Human behavior is an interesting subject. Ask a behavioral psychologist or an FBI profiler what they can tell you about the people they routinely observe and you’ll get an answer that sounds something like “People are walking, talking volumes of information. The more they talk and act, the more we know about their behavior and the better we can predict where they’ll go and what they’ll do next.”
Evidently, Google knows this as well.
At the end of November, the folks from Mountain View, California picked up U.S. Patent #8065296 to automate and expedite the process of evaluating search results based on “observed” behavior and allowing Google to return a greater level of relevant search results. Since Google originally filed for the patent in 2004, it’s a fair assumption that this behavioral evaluation process is something that they’ve been working on for quite some time and it is highly likely that it will allow Google to also return advertising results in the same manner.
The reason for this patent? According to the documents filed at the USPTO, Google asserts that a better model for predicting likely search results is needed “because the amount of information on the web and the number of new users inexperienced at web searching are growing rapidly.”
Google goes on to explain. “It may be desirable to monitor the quality of the search results provided to users in order to notice general trends of improving or declining quality and to identify specific problems that might suddenly cause a drop in quality. Manual evaluation of search quality can be laborious and time consuming, typically allowing for a small number of searches and search results to be evaluated to determine overall quality of a search engine.”
So what are we talking about when we speak of behavioral quality signals? In short, behavioral signals are those signals generated by human interaction on the web. It sounds simple, but the patent document muddies the issue:
“A method comprising: providing items during a time period; and determining an indication of quality of the items provided during the time period using a time series model; and taking remedial measures when the indication of quality of the items is below an expectation, wherein the remedial measures comprise: automatically removing a modification associated with the providing; wherein the items include search results.”
To make this easy to understand, I’m going to give you a dead-simple example.
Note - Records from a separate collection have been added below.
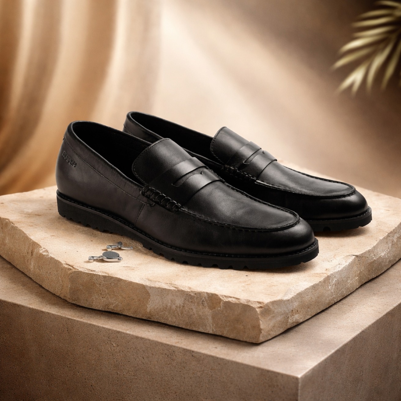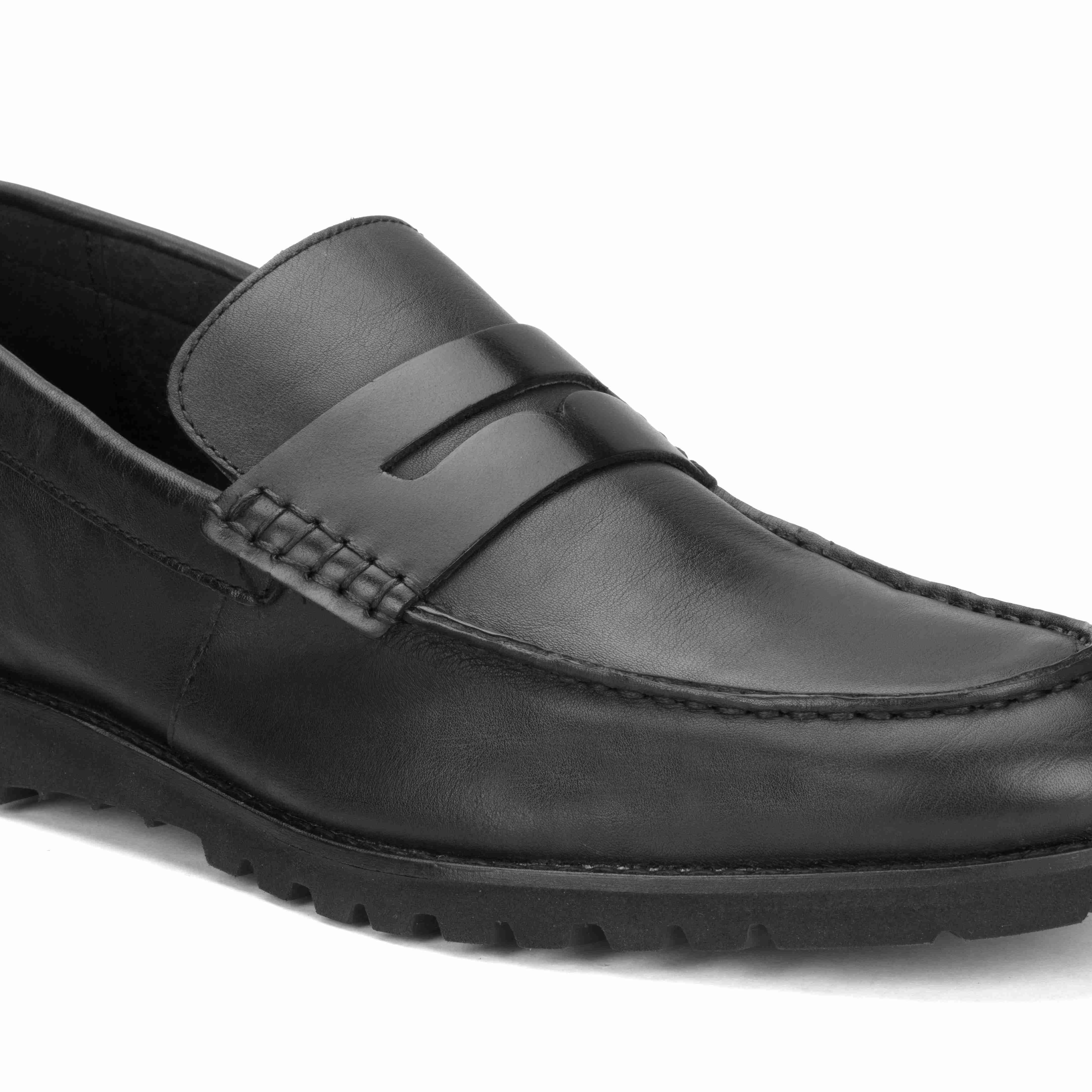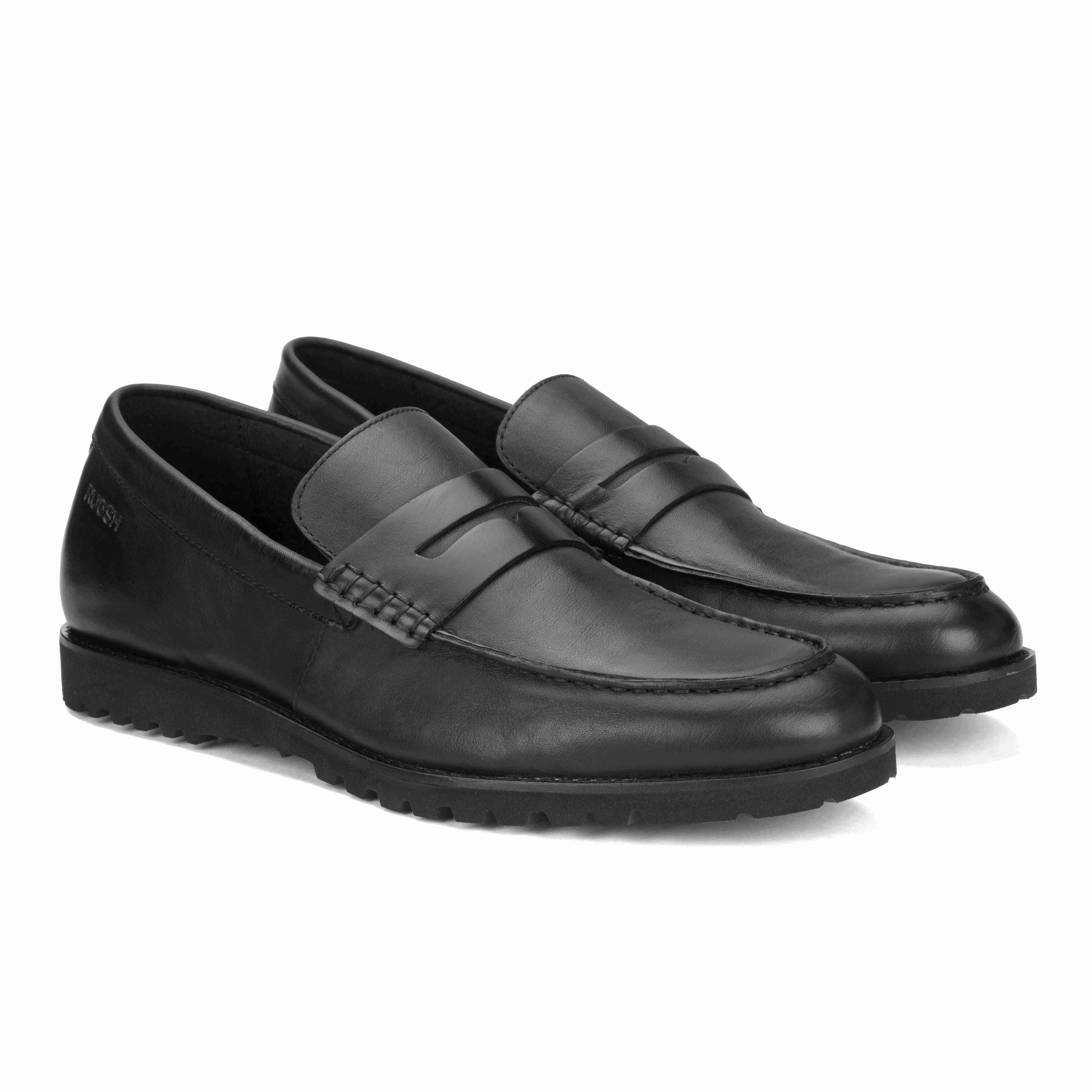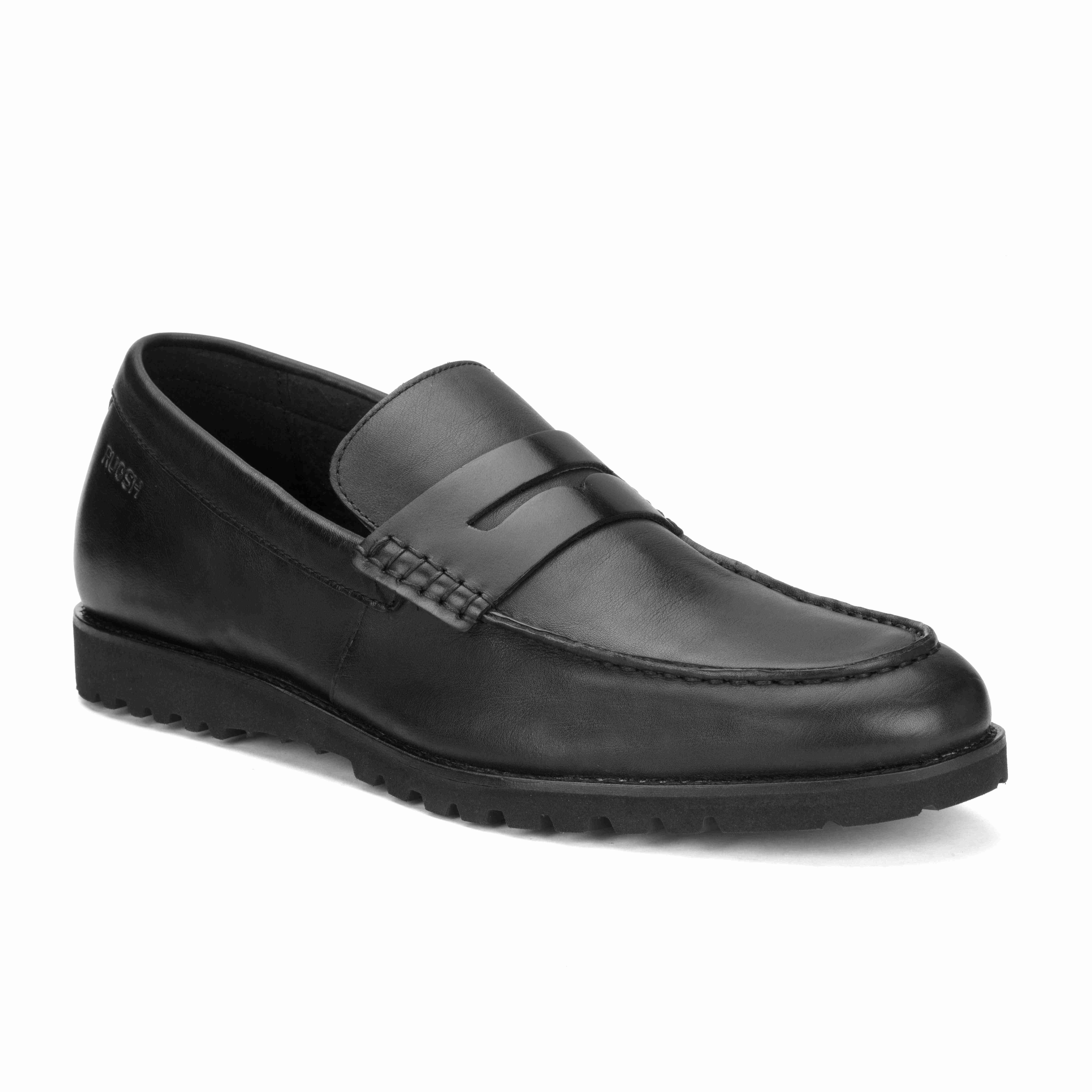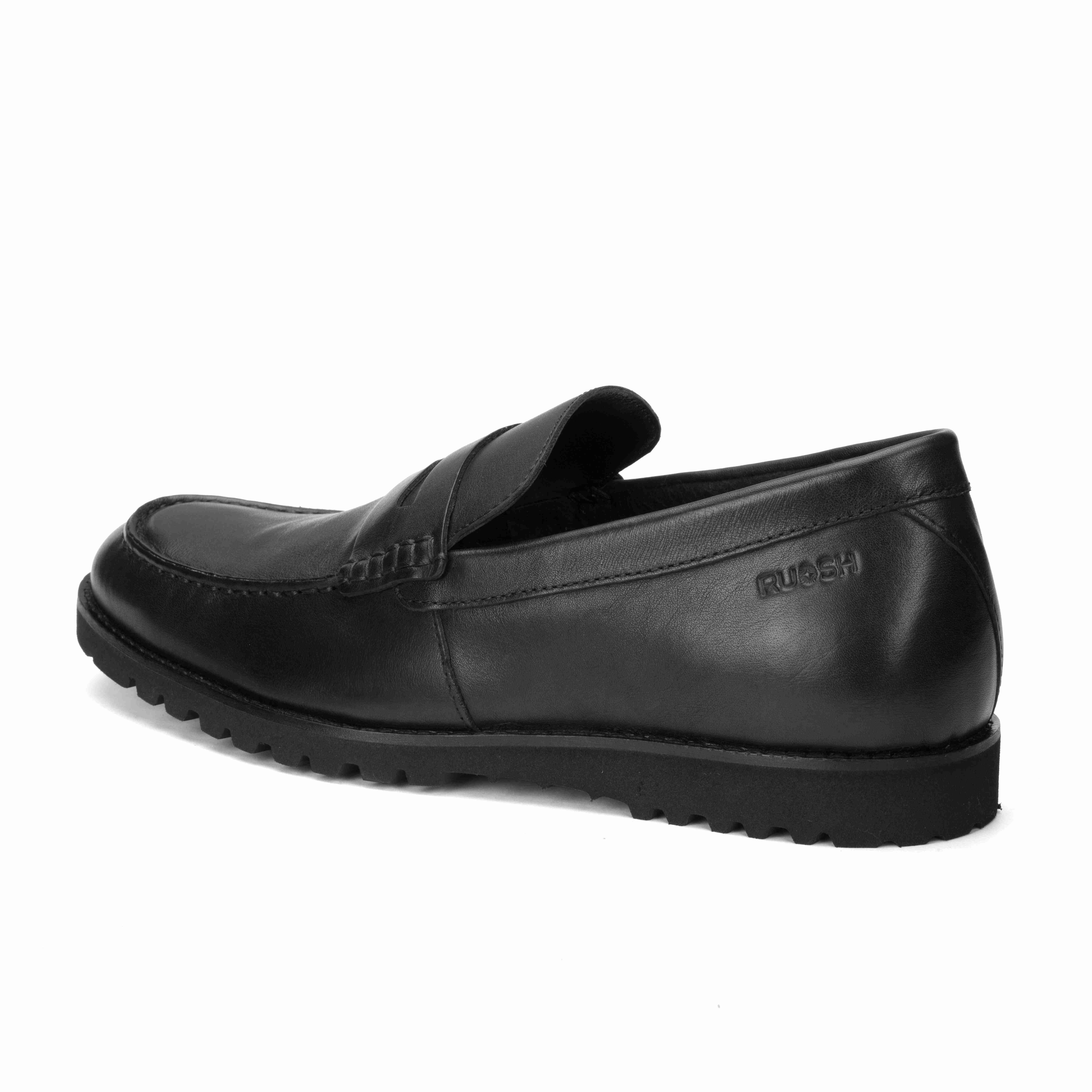 Stay stylish and comfortable with Ruosh Black Penny Loafers with milled leather. The textured milled leather upper adds durability and a refined look. Slip-on design ensures effortless wear and a secure fit. Lightweight EVA sole provides cushioning, flexibility, and reliable traction.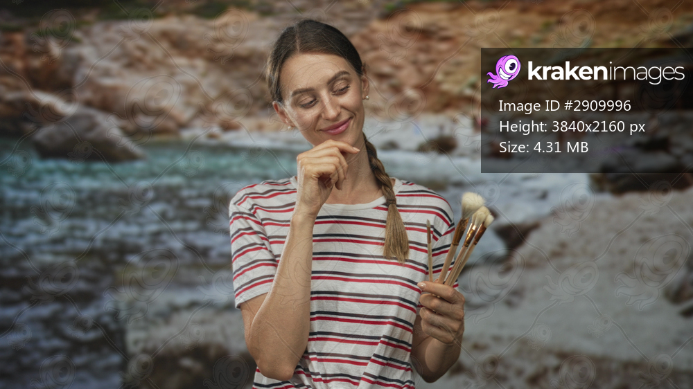 Woman holding paintbrushes with hand on chin in studio, striped shirt and braided hair, gentle smile; creative contemplation.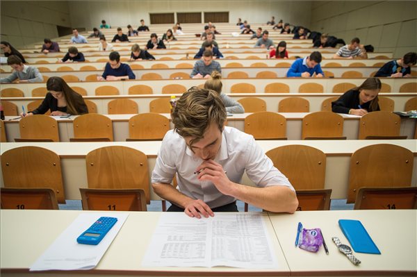 Még bő három hetük van az egyetemistáknak, hogy számot adjanak az őszi félév során megszerzett tudásukról. Hallgatók írásbeli vizsgán a Budapesti Corvinus Egyetemen (BCE) 2019. január 9-én.

Let’s say your grocery store manager tells you where to find the high-fiber cereal down the massively-long aisle with all the cereal boxes. He stays on to watch you make your selection, noting as you pull one box off the shelf, quickly scan the package and stuff it back. He makes a mental note that you only spent about two seconds with the first box. He then observes you as you select another box of high-fiber cereal and spend a full two minutes reading the product information on the back of the box before putting it in your basket. Again, he makes a mental note and comes to the conclusion that, for a person such as yourself who wants high-fiber cereal, box two was a more favorable brand. Then he waits around the cereal aisle to see if anyone else fitting your description does the same. In the end, his hopes are to be able to move the preferred cereal boxes to a more high-profile location along the cereal box aisle, allowing high-fiber cereal enthusiasts to save a little time in their shopping.
Given the example, it’s easy to conclude that behavioral quality signals are a complex mechanism used to predict complex behavior. Every behavioral style is unique. Every search result is therefore unique. It’s well known that Google has been using panels of human testers to judge the quality of their search results and assess whether one algorithm tweak resulted in better or worse search results than another (and here they’re talking about measuring the quality of the search engine results pages – rather than an individual page). Bing, the big competitor on the block, also uses quality signals in ranking. But the human testing component is a laborious effort, not practical. The patent is for an automated process. If Google is looking to improve their speed to market, automation would be enormously helpful.
So why is Google jumping into the game only now? The answer: Remember, the patent for this process was applied for in 2004, so it’s been a long time coming. Google has been waiting on this patent for some time. For Google, it’s another tool to allow them to deliver more relevant search results than ever before. For web marketers and site owners, it’s a clarion call for quality content.